# Profiling Guide
Performance profiling for llama-gguf using flamegraphs and system profilers.
## Prerequisites
### Linux (recommended)
```bash
# Install perf (Linux kernel profiler)
sudo apt install linux-tools-common linux-tools-$(uname -r)
# Install cargo-flamegraph
cargo install flamegraph
# Allow perf for current user (alternative to running as root)
### macOS
```bash
cargo install flamegraph
# Uses dtrace instead of perf — no additional setup needed
```
## Generating Flamegraphs
### Profile Inference
Run a short inference session and capture a flamegraph:
```bash
# Profile a model run (adjust model path and token count)
cargo flamegraph --release --bin llama-gguf -- \
run model.gguf -p "Hello" -n 50
# Output: flamegraph.svg (open in browser)
```
### Profile Benchmarks
Profile specific benchmark groups to find hot paths in quantization, SIMD, or matrix ops:
```bash
# Profile all benchmarks
cargo flamegraph --release --bench quantization
# Profile a specific benchmark group
cargo flamegraph --release --bench quantization -- --bench "dequant_kquant"
```
### Profile with Custom Arguments
```bash
# Higher sampling frequency for short operations
cargo flamegraph --release --freq 5000 --bin llama-gguf -- \
run model.gguf -p "Test" -n 20
# Include kernel frames (Linux only, requires root)
sudo cargo flamegraph --release --root --bin llama-gguf -- \
run model.gguf -p "Test" -n 20
```
## Using perf Directly
For more control, use `perf` directly:
```bash
# Record with call graph (DWARF unwinding for Rust)
perf record -g --call-graph dwarf \
cargo run --release -- run model.gguf -p "Hello" -n 50
# Generate report
perf report --hierarchy
# Export for external tools
perf script > perf.data.txt
```
### Stat Counters
Quick overview of CPU utilization without flamegraphs:
```bash
perf stat cargo run --release -- run model.gguf -p "Hello" -n 50
```
This shows IPC (instructions per cycle), cache misses, branch mispredictions — useful for spotting memory-bound vs compute-bound bottlenecks.
## Interpreting Flamegraphs
### What to Look For
| Wide band in `dequantize_*` | Dequant is the bottleneck | Optimize SIMD path or use a less aggressive quant format |
| Wide `matvec` or `matmul` | Matrix ops dominate (expected) | Check SIMD dispatch, verify AVX2/AVX-512 is active |
| `memcpy` / `alloc` bands | Excessive allocation on hot path | Use pre-allocated scratch buffers |
| `softmax` wide band | Softmax over large vocab | Check if SIMD softmax path is used |
| Deep call stacks in `encode` | Tokenizer overhead | Profile with longer prompts to amortize |
### Key Functions to Watch
- `backend::cpu::simd::*` — SIMD-accelerated operations (should be widest)
- `tensor::quant::dequant::*` — Dequantization hot loops
- `backend::cpu::ops::*` — Fallback non-SIMD paths (should be narrow if SIMD is active)
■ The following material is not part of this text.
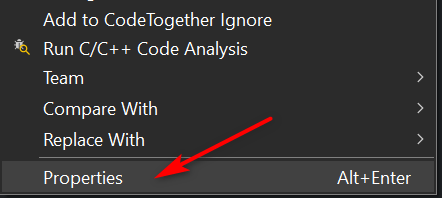 From the project explorer right click on this file and select properties:

- `model::forward` / `model::forward_batch` — Per-layer inference
- `tokenizer::encode_bpe` / `tokenizer::encode_unigram` — Tokenization
### Verifying SIMD Dispatch
If you see time in non-SIMD fallback functions, check that runtime feature detection works:
```bash
# Print detected CPU features at startup
RUST_LOG=debug cargo run --release -- info model.gguf 2>&1 | grep -i simd
```
The CPU backend should detect and use AVX2/AVX-512 (x86) or NEON (ARM) automatically.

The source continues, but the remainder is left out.